“Yesterday. I am home for good now. My time is up.” Sybil Linforth looked quickly at his face and turned away.
“You are sorry?” she said gently.
“Yes. I don’t feel old, you see. I feel as if I had many years’ good work in me yet. But there! That’s the trouble with the mediocre men. They are shelved before they are old. I am one of them.”
He laughed as he spoke, and looked at his companion.
Sybil Linforth was now thirty-eight years old, but the fourteen years had not set upon her the marks of their passage as they had upon Dewes. Indeed, she still retained a look of youth, and all the slenderness of her figure.
Dewes grumbled to her with a smile upon his face.
“I wonder how in the world you do it. Here am I white-haired and creased like a dry pippin. There are you—” and he broke off. “I suppose it’s the boy who keeps you young. How is he?”
A look of anxiety troubled Mrs. Linforth’s face; into her eyes there came a glint of fear.

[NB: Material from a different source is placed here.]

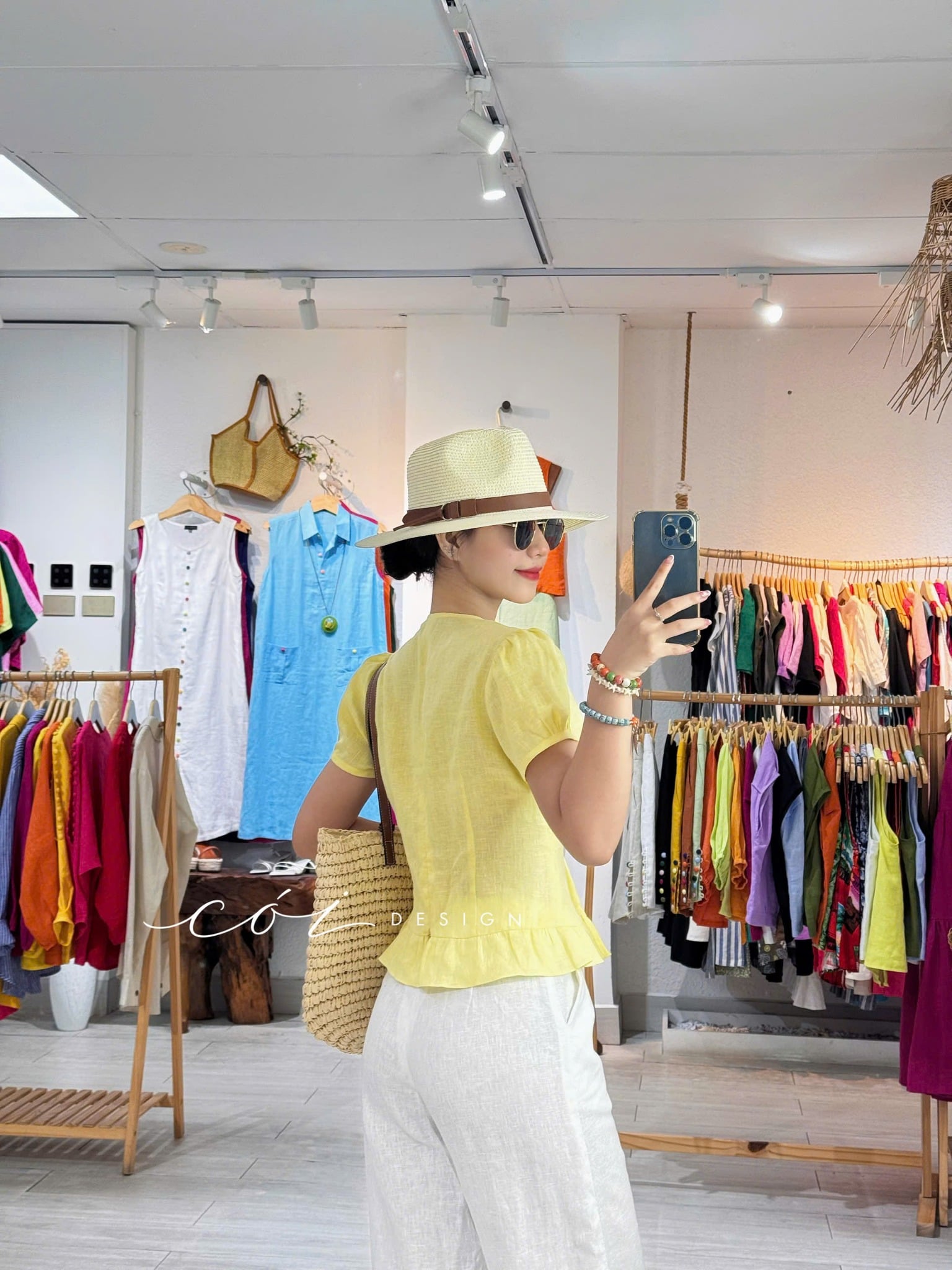 Áo cổ tim tay phồng nhún bèo linen tưng premium Cói Design

Colonel Dewes’ voice became gentle with concern.
“What’s the matter, Sybil?” he said. “Is he ill?”
“No, he is quite well.”
“Then what is it?”
Sybil Linforth looked down for a moment at the gravel of the garden-path. Then, without raising her eyes, she said in a low voice:
“I am afraid.”
“Ah,” said Dewes, as he rubbed his chin, “I see.”
It was his usual remark when he came against anything which he did not understand.

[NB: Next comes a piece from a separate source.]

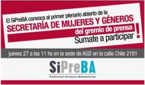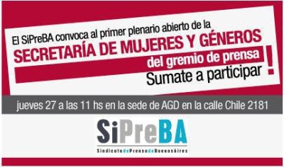 Lxs trabajadorxs de la INTERRADIAL, rama radio del Sindicato de Prensa de Buenos Aires (SiPreBA), celebramos la realización del primer encuentro abierto de Género el jueves 27, a las 11 horas en la sede de AGD en la calle Chile 2181, organizado por la Secretaría de Mujeres y Géneros del SiPreBA e invitamos a participar a todos lxs cxmpañerxs.

“You must let me have him for a week or two sometimes, Sybil. Boys will get into trouble, you know. It is their nature to. And sometimes a man may be of use in putting things straight.”
The hint of a smile glimmered about Sybil Linforth’s mouth, but she repressed it. She would not for worlds have let her friend see it, lest he might be hurt.

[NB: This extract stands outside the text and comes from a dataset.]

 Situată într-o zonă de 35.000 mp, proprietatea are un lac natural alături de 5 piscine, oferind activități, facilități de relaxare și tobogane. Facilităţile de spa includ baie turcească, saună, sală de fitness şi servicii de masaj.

“No,” she replied, “Dick is not in any trouble. But—” and she struggled for a moment with a feeling that she ought not to say what she greatly desired to say; that speech would be disloyal. But the need to speak was too strong within her, her heart too heavily charged with fear.
“I will tell you,” she said, and, with a glance towards the open windows of the house, she led Colonel Dewes to a corner of the garden where, upon a grass mound, there was a garden seat. From this seat one overlooked the garden hedge. To the left, the little village of Poynings with its grey church and tall tapering spire, lay at the foot of the gap in the Downs where runs the Brighton road. Behind them the Downs ran like a rampart to right and left, their steep green sides scarred here and there by landslips and showing the white chalk. Far away the high trees of Chanctonbury Ring stood out against the sky.